Каноны стиля Мэттью Арнольда, мы должны были сказать, являются полным отрицанием канонов мистера Суинберна, и в заслугу широте вкуса последнего можно поставить то, что он проникся интеллектуальным темпераментом, который так мало является его собственным. Другие статьи содержат подобные примеры его живости и энергии восприятия и предлагают ряд удачных суждений и наводящих на размышления наблюдений. Его оценка Байрона как поэта (отнюдь не как человека — в этом пункте его высказывания совершенно тщетны) удивительно проницательна; его измерение лирической силы Шелли красноречиво адекватно; его заключительные слова о Джоне Форде стоит процитировать как образец сильного понимания и солидного изложения. Мистер Суинберн отнюдь не всегда солиден, и этот отрывок представляет его в лучшем виде:—

«Ни один поэт не является менее забываемым, чем Форд; никто не вонзает (так сказать) клыки своего гения и своей воли глубже в вашу память. Вы не можете пожать ему руку и пройти мимо; вы не можете сойтись с ним и разойтись по желанию; если он коснется вас однажды, он берет вас, и то, что он берет, он удерживает; его работа становится частью вашего мышления и частью вашего духовного багажа навсегда; он подписывается на вас, как печатью преднамеренной и решительной силы. Его сила никогда не является силой случая; случайная божественность красоты, которая падает, как будто прямо с небес, на случайные строки и фразы некоторых поэтов, никогда не падает по такой небесной случайности на его; его сила импульса соответствует его силе воли; он никогда не работает больше инстинктом, чем решимостью; он знает, чего хочет и что сделает, и достигает своей цели и делает свою работу с полным сознанием цели и настойчивостью замысла. Силой великой воли, подкрепленной силой великой руки, он завоевал место, которое занимает, вопреки всем шансам соперничества в гонке соперничающих гигантов».

С другой стороны, мистер Суинберн постоянно склонен в этом же ключе впадать в вопиющее легкомыслие и извращенность вкуса; как, например, в утверждении, что он не может считать Вордсворта «как просто поэта» равным Кольриджу как просто поэту; в высказывании об Альфреде де Мюссе как о «женщине-паже или сопровождающем карлике» Байрона, а его стихах как о «отварах разбавленного байронизма»; или в упоминании бойко и мимоходом о «Мадемуазель де Мопен» Готье как о «самой совершенной и изысканной книге современности».

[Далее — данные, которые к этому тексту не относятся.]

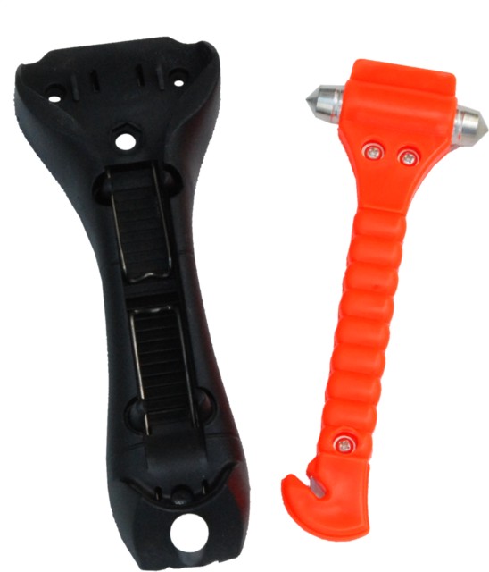 Набір безпеки складається з молотка для розбиття вікон та ножа для розрізання ременів безпеки
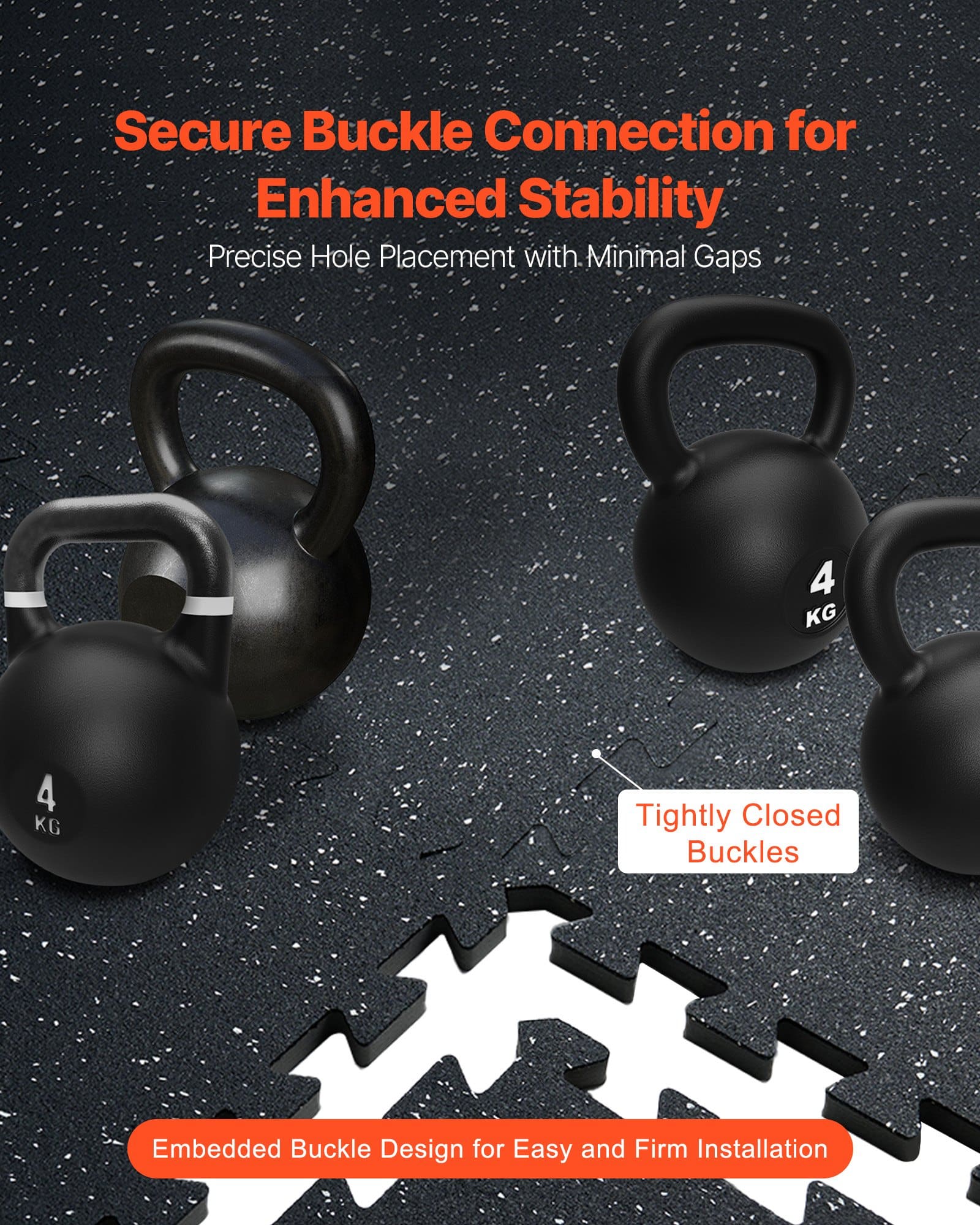 Šie savstarpēji savienojamie grīdas paklājiņi ir 0,56 collas biezi, tiem ir augstas kvalitātes gumijas virsējais slānis, kas nodrošina izcilu pretslīdes izturību, un augsta blīvuma EVA putu apakšdaļa efektīvai triecienu absorbcijai un atbalstam, garantējot divkāršu drošību treniņu laikā.
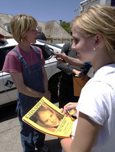 Diane Langeland (left) and her 16-year-old daughter Kate Langeland prepare to pass out fliers containing information on Elizabeth Smart, who was kidnapped from her Salt Lake City home early June 5, 2002. The Langelands, along with other members of the LDS ward that Smart attended, printed the fliers and passed them out to area businesses.
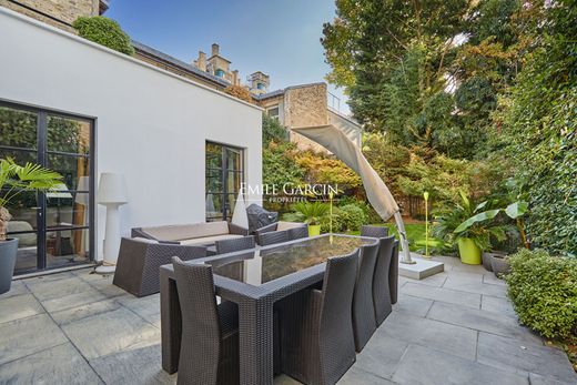 Seltenes und elegantes Herrenhaus in ruhiger, sonniger Lage mit Südostausrichtung. Gelegen in einer privaten und abgeschiedenen Straße, besticht dieses Anwesen durch seine großzügigen Proportionen, hohen Decken und einladenden Außenbereiche (Garten und Terrassen). Mit ca. 530 m² Wohnfläche, verteilt auf vier Etagen plus Keller und Garage, die alle bequem mit dem Aufzug erreichbar sind, bietet es ein komfortables und familienfreundliches Wohnambiente. Eine 42 m² große Terrasse, die in einen ca. 135 m² großen Garten übergeht, sowie eine zweite Terrasse im ersten Obergeschoss runden das Angebot ab. Aufteilung: Hochparterre: Eingangsbereich mit Garderobe und WC, doppeltes L-förmiges Wohnzimmer mit Zugang zu Terrasse und Garten, Esszimmer und große Wohnküche. Ein separates Zimmer mit direktem Straßenzugang kann als Büro genutzt werden. Erster Obergeschoss: Master-Suite, die die gesamte Etage einnimmt, bestehend aus einem Büro, einem großen Schlafzimmer mit Zugang zu einer Terrasse auf derselben Ebene (über dem Wohnzimmer), einem Badezimmer mit Ankleidezimmer und WC sowie einem Duschbad mit Ankleidezimmer und WC. Zweites Obergeschoss: Ein Schlafzimmer/Büro, ein Gästezimmer mit Duschbad und WC sowie eine separate Wohnung mit Wohnzimmer, offener Küche, Ankleidezimmer, Schlafzimmer und Badezimmer mit Dusche und WC. Drittes Obergeschoss: Waschküche und eine zweite separate Wohnung mit Wohn-/Esszimmer mit offener Küche, Kinderzimmer mit Bad und WC sowie Hauptschlafzimmer mit Duschbad und WC. Untergeschoss: Heimkino, Waschküche mit Zugang zum Garten, großer Weinkeller, Abstellraum, WC, Hauswirtschaftsraum und Platz für den Warmwasserbereiter. Garage für ein mittelgroßes Auto zwischen Untergeschoss und Erdgeschoss. Die private Villa ist vollklimatisiert (Heiz-/Kühlsystem) und verfügt über einen privaten Aufzug, der alle Etagen bedient. Drei Parkplätze in der privaten Auffahrt vor dem Haus sind im Preis inbegriffen. Drei weitere Parkplätze in der benachbarten Wohnanlage können separat erworben werden.

Отметить, однако, пункты, в которых суждение мистера Суинберна попадает в цель, или пункты, в которых оно промахивается, сравнительно излишне, поскольку оба этих случая кажутся нам по сути случайными. Его книга — это вовсе не книга суждений; это книга чистого воображения. Его гений — просто для стиля, а вовсе не для мысли или реального анализа; он проходит через движения критики и делает значительную демонстрацию логики и философии, но с глубоким пониманием его письмо, кажется нам, имеет очень мало общего.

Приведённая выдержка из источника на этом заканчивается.